As we look ahead to 2011, the section of the market throwing up the most interest on this basis is high quality blue chips. As we noted in last month’s investment view, smaller companies generally performed very well in 2010, and our holdings in this area were no exception. As prospective returns have fallen we have begun reducing our exposure, and our commitment of fresh capital has been increasingly toward blue chips (predominately in the consumer staples, media, healthcare and technology sectors).
Many quality blue chips have been laggards over the last year and investors are fed up with them.
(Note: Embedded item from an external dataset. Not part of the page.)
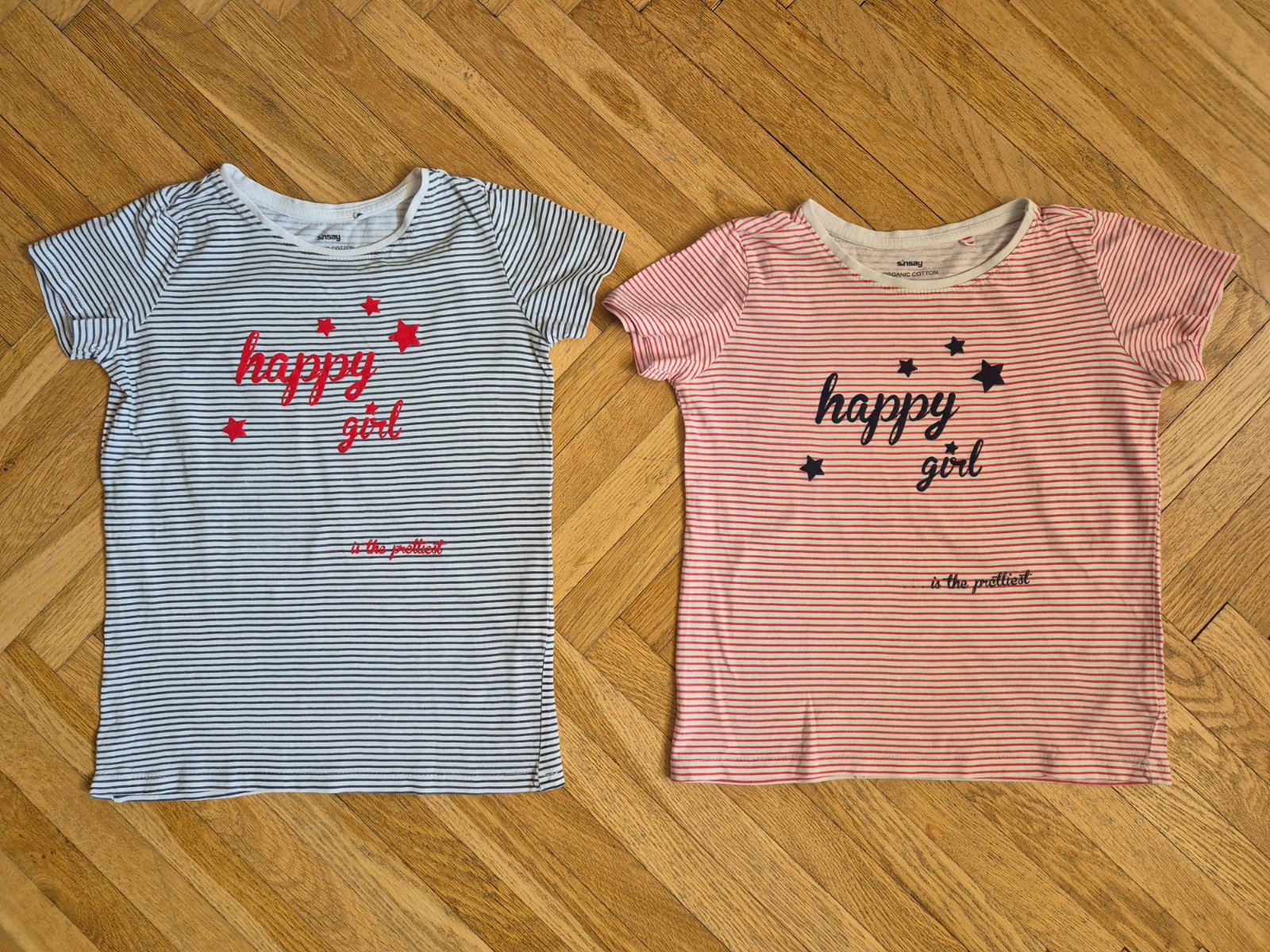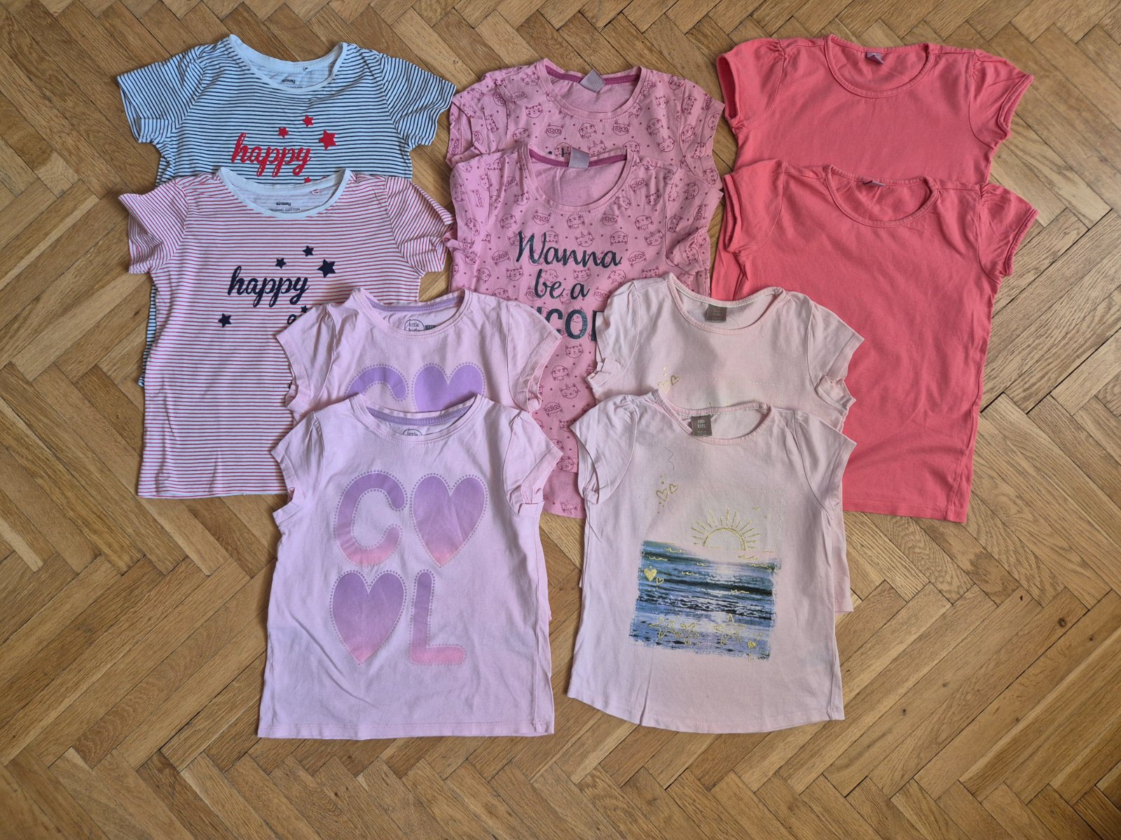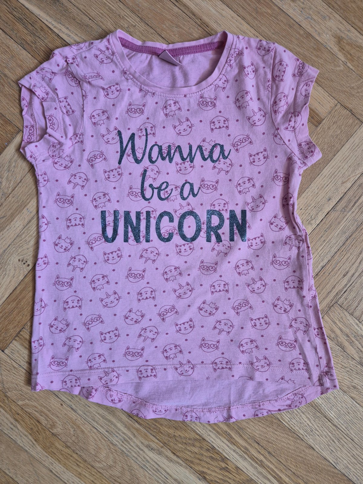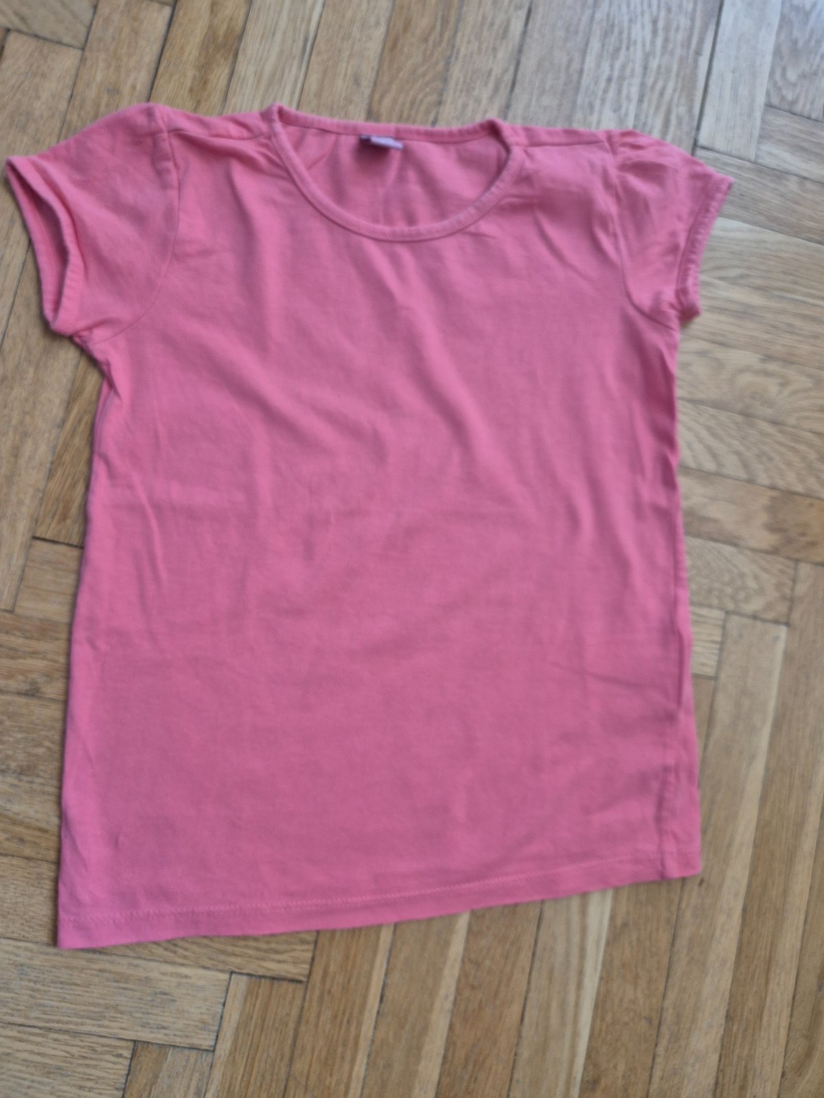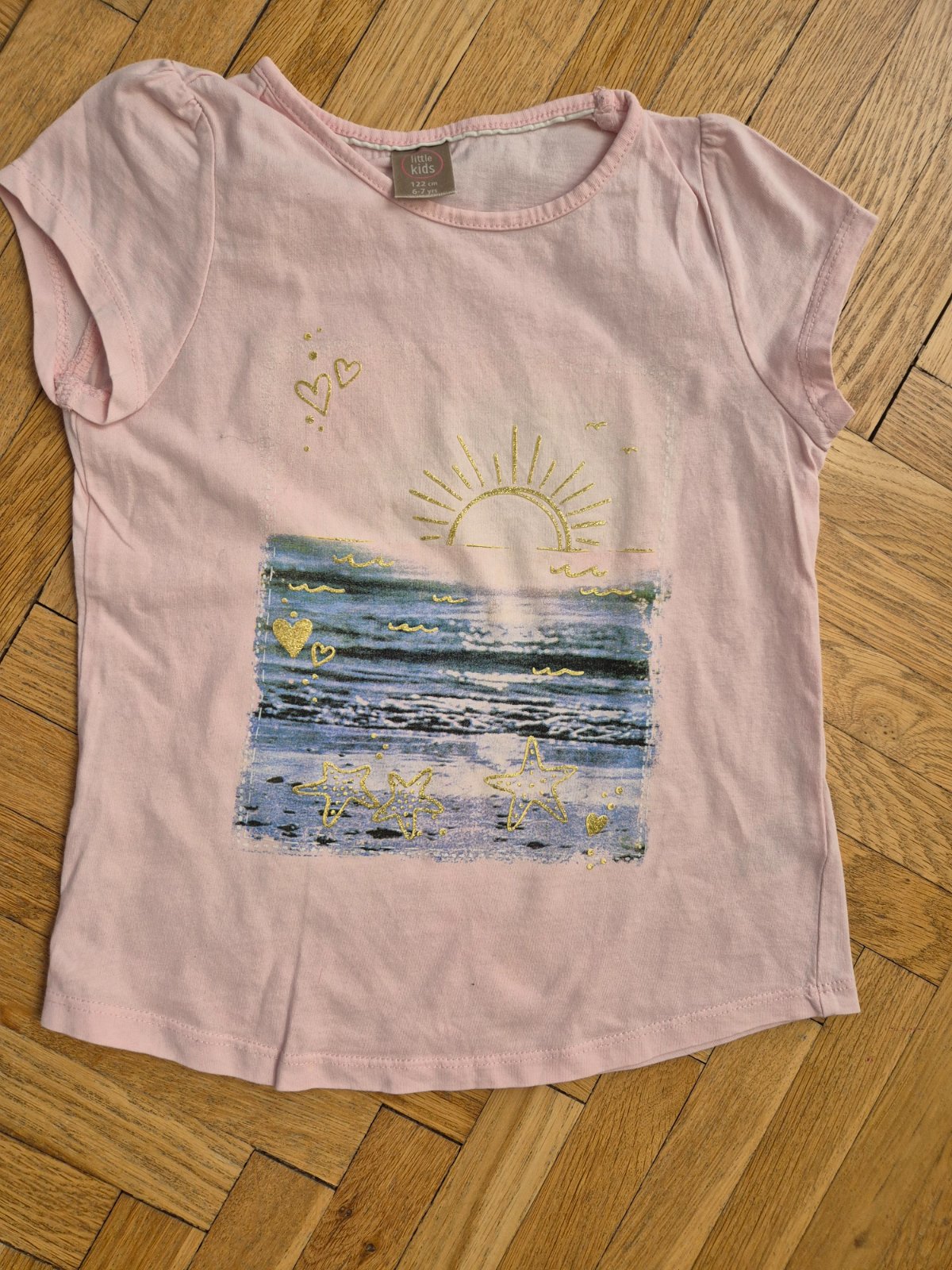 Růžová s pozdravem kočičkama a nápisem Kiki Koko 122 6-7 let, na jednom vzadu dva tmavší flíčky, zadní díl delší, D 43-46,5 cm, š 34 cm (druhé d 42-47 cm, š 32,5 cm)

This feeling of disenchantment has not been helped by a lack of hoped-for resilience in the market corrections of 2010 (healthcare stocks being an obvious example). However, their fundamental performance has on aggregate been good, and their prospective returns remain high. It is comforting to be paid such a handsome return for holding some of the best businesses in the market – a group that offer a combination of both capital-light growth and protection from economic shocks.
Last May we used a simple analysis to highlight the premium return currently available on quality shares. Use of the term ‘quality’ in investment is sometimes criticised as vague and imprecise, or just a bit of a platitude. After all, how many investors would say ‘I’m focusing on low-quality stocks at the moment’? To us, however, quality has a precise definition; it refers to those stocks that have demonstrated…
1) …the highest returns on equity…
2) …with the most consistency over time…
3) …without needing to rely on leverage to generate these returns.
Ranking the UK market by these three factors, and dividing it into quintiles, the table below shows this anomaly to be alive and well:
Average earnings yield by quality quintile*:
Top quality quintile = 9.6%
Second quality quintile = 7.0%
Third quality quintile = 7.0%
Fourth quality quintile = 7.5%
Bottom quality quintile = 6.0%
Whilst the above is a simplistic, headline analysis, it’s an interesting quantitative snapshot of where the opportunity set lies for today’s investor. Effectively, the best businesses in today’s market are also the cheapest. History and common sense would suggest that they should be the most expensive. Also note that these earnings yields are prospective yields, so they already embody analysts' bullish forecasts on low quality cyclicals for 2011. Relative to their high quality peers, a very substantial improvement in the fundamentals of low quality stocks would be needed to justify current prices.
Whilst we admit to repeating ourselves on this subject, we also believe that good things come to those with patience, discipline, and an attention span that lasts longer than the next economic data release.
Hugh Yarrow
January 2011
Please note, this investment view contains the personal opinions of Hugh Yarrow as at 7th December 2011 and does not constitute investment advice.
Median EBIT/EV yields. Universe is UK market ex financials and utilities.